(Dataset records)
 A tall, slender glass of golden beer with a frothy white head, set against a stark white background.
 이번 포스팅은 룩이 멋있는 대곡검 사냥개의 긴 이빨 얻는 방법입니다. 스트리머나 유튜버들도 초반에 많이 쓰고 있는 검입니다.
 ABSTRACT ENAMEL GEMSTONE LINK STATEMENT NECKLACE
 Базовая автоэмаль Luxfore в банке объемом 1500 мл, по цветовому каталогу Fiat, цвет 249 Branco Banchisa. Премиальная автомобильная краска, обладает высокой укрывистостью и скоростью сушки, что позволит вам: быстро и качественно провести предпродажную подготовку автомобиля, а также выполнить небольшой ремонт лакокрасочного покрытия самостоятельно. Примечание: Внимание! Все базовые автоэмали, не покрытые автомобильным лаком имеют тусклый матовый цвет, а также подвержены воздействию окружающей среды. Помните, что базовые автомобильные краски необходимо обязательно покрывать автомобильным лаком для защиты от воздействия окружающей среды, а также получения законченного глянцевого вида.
(End Dataset records)
(Dataset records)
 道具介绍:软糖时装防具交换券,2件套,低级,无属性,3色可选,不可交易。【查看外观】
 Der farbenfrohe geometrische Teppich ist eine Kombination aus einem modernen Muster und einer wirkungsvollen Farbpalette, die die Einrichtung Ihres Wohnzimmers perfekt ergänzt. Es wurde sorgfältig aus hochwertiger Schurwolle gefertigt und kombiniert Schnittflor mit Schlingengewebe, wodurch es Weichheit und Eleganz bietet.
(End Dataset records)
#### [Work to complete]
Looking at the data above, return every line from the one with "A tall, slender" down to the one with "ABSTRACT ENAMEL GEMSTONE", exactly and inclusively.

#### [Expected output]
 A tall, slender glass of golden beer with a frothy white head, set against a stark white background.
 이번 포스팅은 룩이 멋있는 대곡검 사냥개의 긴 이빨 얻는 방법입니다. 스트리머나 유튜버들도 초반에 많이 쓰고 있는 검입니다.
 ABSTRACT ENAMEL GEMSTONE LINK STATEMENT NECKLACE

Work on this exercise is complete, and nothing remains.